The candidate will work within a multidisciplinary team involved in the development and application of biomedical text mining and natural language processing approaches.

The overall aim of this work is to develop and apply text mining and natural language processing technologies to biomedical literature, covering aspects related to automatic text classification using machine learning methods, the detection of entities of biological interest from text and the extraction and ranking of biological relations from the biomedical literature. A special focus will be given to certain topics such as cancer related literature and protein interactions.

Expected outcomes will include fundamental research in biomedical text mining, publications in high-impact journals and development of biomedical text mining applications and services.
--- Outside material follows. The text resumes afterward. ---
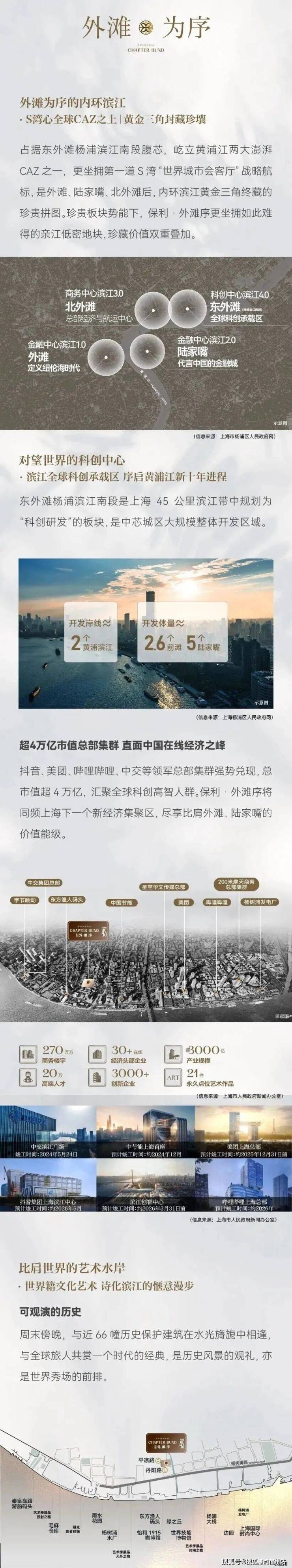 并且,东外滩杨滨的规划不只是“纸上谈兵”,它的兑现更是与日俱新的“快”。预计2026年,美团、B站、抖音等众多总部将投用。规划的270万方商办体量,将聚集30+在线经济头部企业、3000+创新型企业,企业总市值超4万亿,吸引超30万创新创业人才,世界总部集群正加速兑现。未来高端人才汇入后,将释放强劲高端配套与居住需求,城市资源与土地价值将由此迎来巨大攀升,滨江开发的全新按钮由此启动。(数据来源:上海市人民政府新闻办公室)
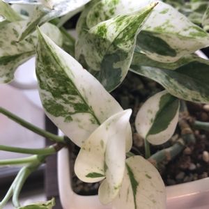 ポトスエクセレントが届きました。 時々行く園芸店で瀕死の状態から店員さんが復活させたというエクセレントを見て惹かれてしまい、帰宅後気づいたらポチッとしておりました。 白い部分はマーブルクイーンの方が象牙のような温かみのある白で、エクセレントは白磁のような澄んだ白。 模様の入り方はエンジョイ似。 葉の形はエンジョイよりさらに一回り小さくしゅっとしていて、色と相まってとても上品。 エンジョイほどではないけれどわずかな造花チックなくしゃくしゃ感があります。 2次元で見るより実物はもっともっと綺麗です。 近づいたらいい香りがしそうな気品を漂わせていらっしゃいます。 とっても気に入ってしまいました。 育てるの難しそうなので慎重に行こうと思います。

The resulting strategies will be applied to process article abstracts, full text articles as well as clinical records.

Applicants should possess an MSc (preferably a PhD) in biology, computer science or related areas with specific knowledge in Computer Science, Bioinformatics, Computational Linguistics, Statistics or Machine Learning or Text Mining.

1) Candidates should have the following qualifications:
- Competitive software engineering skills (demonstrable knowledge of at least two programming languages such as python, C/C++, Java, Perl and the development of online web applications).
- A solid background and interest in statistical and machine learning methods
- Ability to develop algorithms and software for natural language processing/text mining systems
- Good English communication skills
- A strong interest in collaborating with experts from the biomedical, molecular biology and bioinformatics domains and text mining.

2) Other desirable skills and selection criteria include:
- Exposure to biomedical texts/domain.
- Familiarity with development of Web Services
- Well organized and have the ability to work in an interdisciplinary team.
- The publication record would be an advantage.
- Familiarity with NLP tasks such as named entity recognition, summarization, information extraction, and information retrieval will
be also highly desirable.
- Familiarity with some of the existing software that might be relevant to the research topic (like Weka, LibSVM, Lucene, GATE, NLTK, or Mallet).
- Interest in the evaluation of systems performance and community challenges.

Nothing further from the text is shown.